Edward Willett @ 02-10-2008

644px-Cow_portraitOK, this isn’t actually new technology–it’s been around for years, just not in this part of the world –but it’s the first I’ve heard of it, and it struck me as an interesting example of how advanced technology seeps into everything while you’re not looking. (Via CBC News.)

A Saskatchewan dairy farm is using high-tech robotics and a computer program to milk the cows while the farmers sleep…

Each cow in the herd wears a chip that communicates with a central computer.

The system begins with a cow, feeling the urge to be milked or fed, moving through a series of gates to a stall where the animal knows it will be tended to. The computer system knows if Bessie is due for a milking or ready for more feed based on the history it has stored for each animal.

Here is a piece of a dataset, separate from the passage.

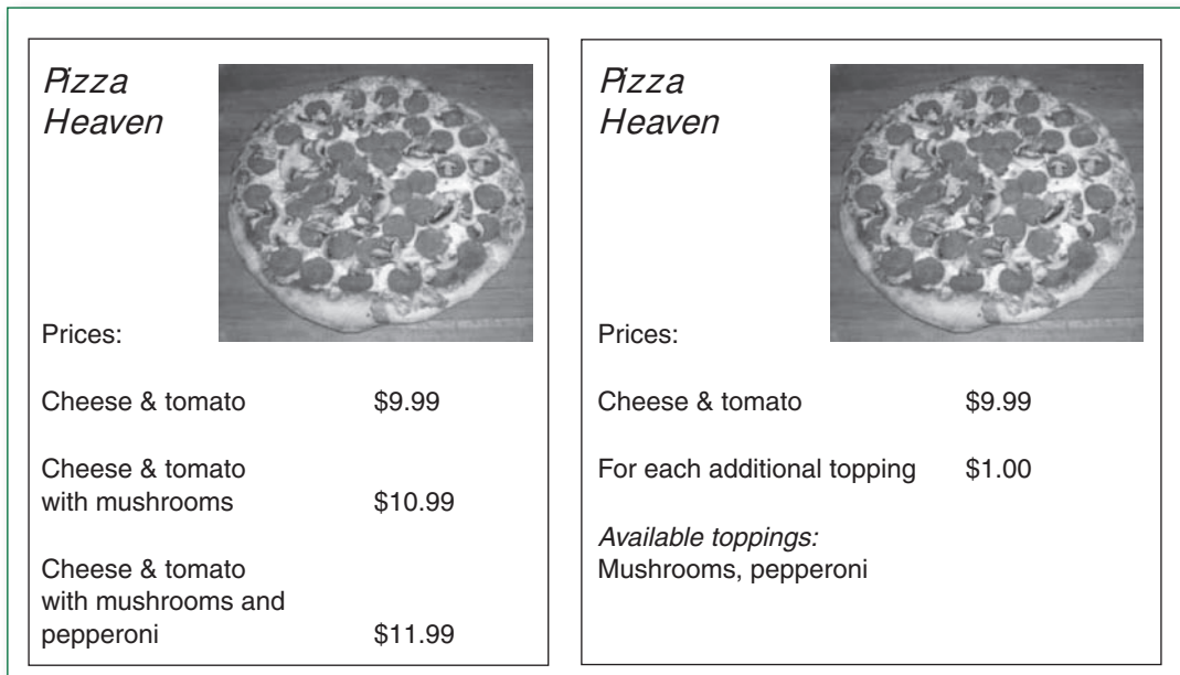
Figure 1.5 Alternative Price Formats for a Mushroom and Pepperoni Pizza

Price format also involves the question of how many numbers are required to express an item's price. For example, a price advertisement could directly show the price of a mushroom and pepperoni pizza, or it could express that price as a base price plus an additional amount for the two toppings (see Figure 1.5). The price of a lamp in a home furnishings catalog might be expressed as a price for the lamp that includes shipping or as a price for the lamp alone along with a separate price for the shipping of the lamp to the purchaser. The question of whether a price should be expressed as a single number or as the sum of more than one number is the issue of price partitioning .

Sensors pick up the cow’s chip to provide location information, allowing the computer to open the appropriate gates to guide the animal along to either a feeding station or the milking system.

Inside the milking stall, a robot arm takes over. It uses laser beams to check udders and direct a fine spray to wash and disinfect teats. Then it attaches hoses and starts milking…

Next thing you know the cows will be blogging. (By the way, CBC’s headline is pretty funny: “The farmer in the DELL® uses a computer to milk the herd.”)

(Image: Wikimedia Commons.)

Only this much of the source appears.